Since the establishment of the share repurchase program in August 2015 through Feb. 8, 2016, Apollo has repurchased approximately $62.4 million of stock, representing 4.5% of initial shares outstanding. This has yielded $0.07 of per share accretion to NAV. While Fitch appreciates the motivation for the stock buyback, meaningful share repurchases are viewed unfavorably given the firm's current leverage levels. Fitch would view a reduction in debt, via portfolio proceeds, favorably.

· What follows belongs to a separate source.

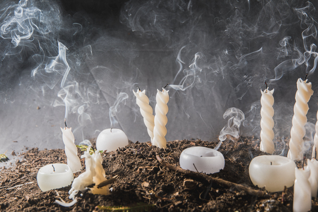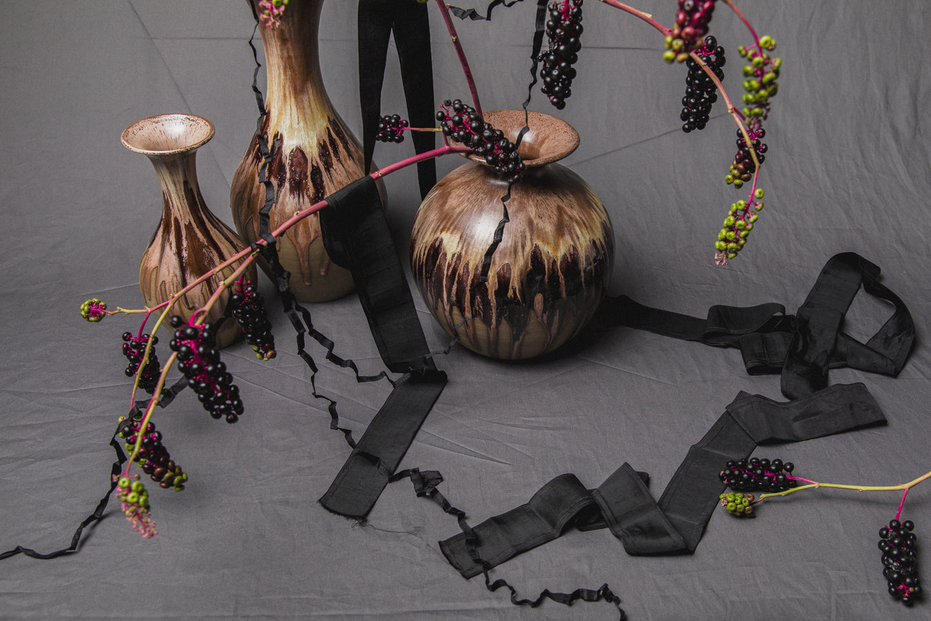 They are paired with off-white candles whose soft, living flame recalls the glow of remembrance, and handmade wreaths and plant compositions woven from Phytolacca americana, wild rose hips, and dry grasses, plants that hold both colour and silence, marking the threshold between life and rest.
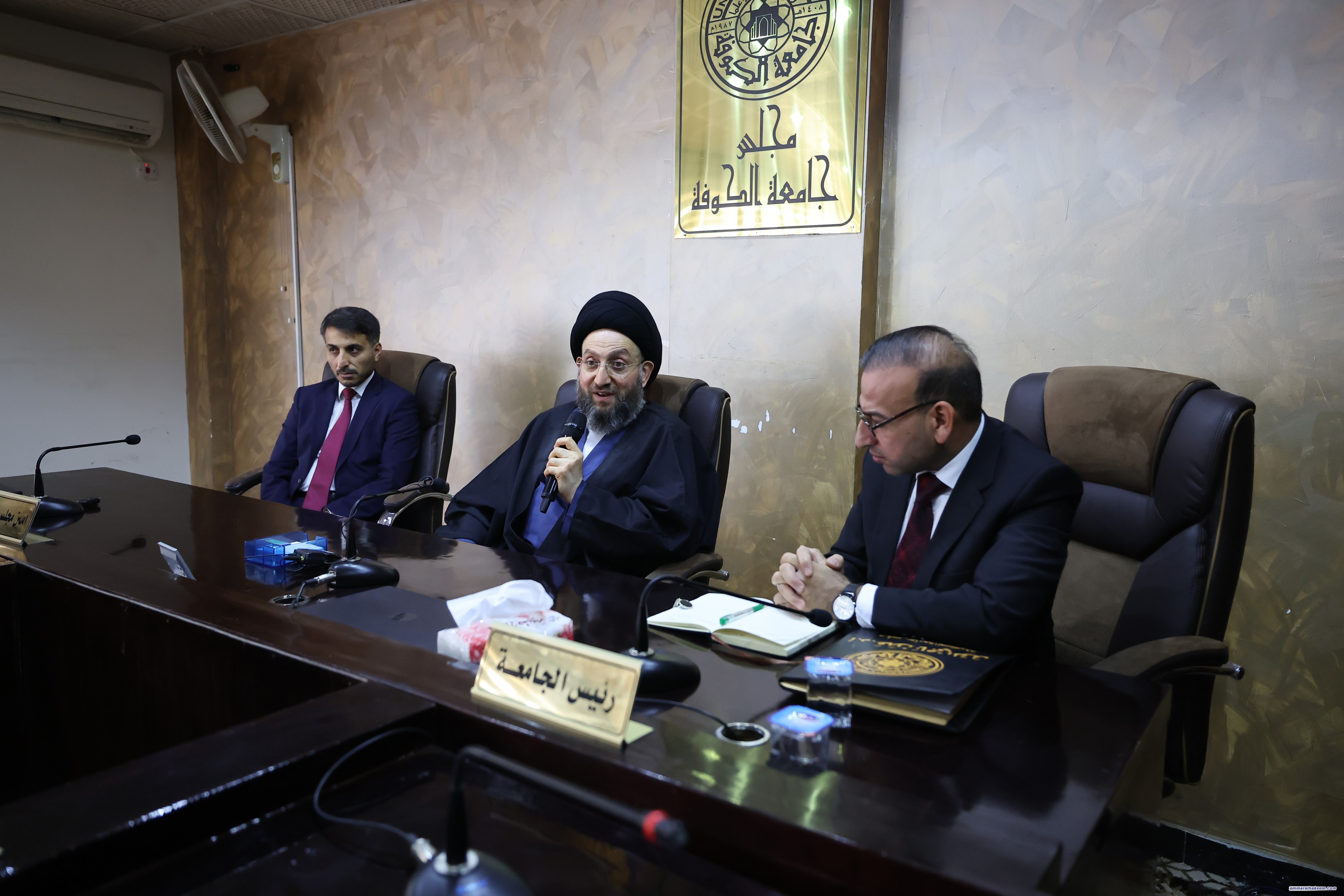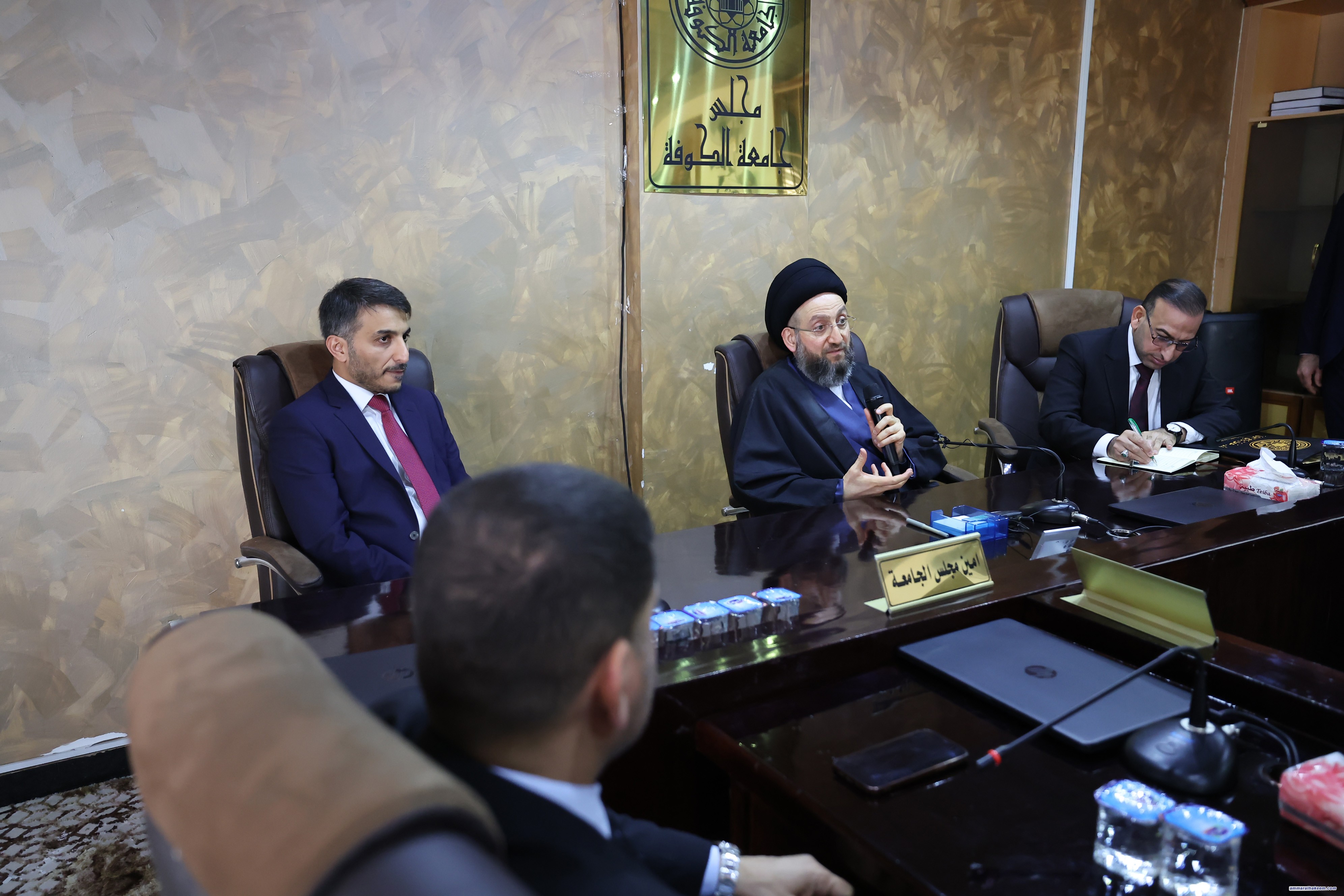 السيد الحكيم يزور جامعة الكوفة ويلتقي رئيس الجامعة وعددا من عمداء الكليات فيها.

Fitch believes Apollo has been successful improving its funding flexibility in recent years, and 61% of its total debt was unsecured as of Dec. 31, 2015. However, this is expected to decline to 46.5%, on a pro forma basis, following the refinancing of $200 million of convertible notes with secured revolver borrowings, which occurred in January 2016. Apollo has another $29 million of secured term notes due in September 2016, which Fitch believes will be refinanced with secured revolver borrowings and/or portfolio proceeds. Borrowing capacity on the corporate revolver will decline from approximately $798.5 million at year-end 2015, given the convertible note maturity mentioned above.

Apollo's core operating performance is under pressure and expected to remain so over the remainder of calendar 2016. Interest income declined in the first nine months of fiscal 2016 with a reduction in the size of the interest-bearing portfolio, an increase in non-accrual levels, and a decline in prepayment fees. This dynamic is likely to continue as energy investments remain under pressure and leverage levels limit growth prospects. Apollo's earnings yields remain in-line with the peer group, but are benefiting from the management and incentive fee waivers that have been in place since April 2012. Further benefits will be realized from lower interest costs, given the refinancing of fixed cost debt on the corporate revolver, and from management fee offsets related to the adviser's sub-advisory agreement with CION Investment Corporation.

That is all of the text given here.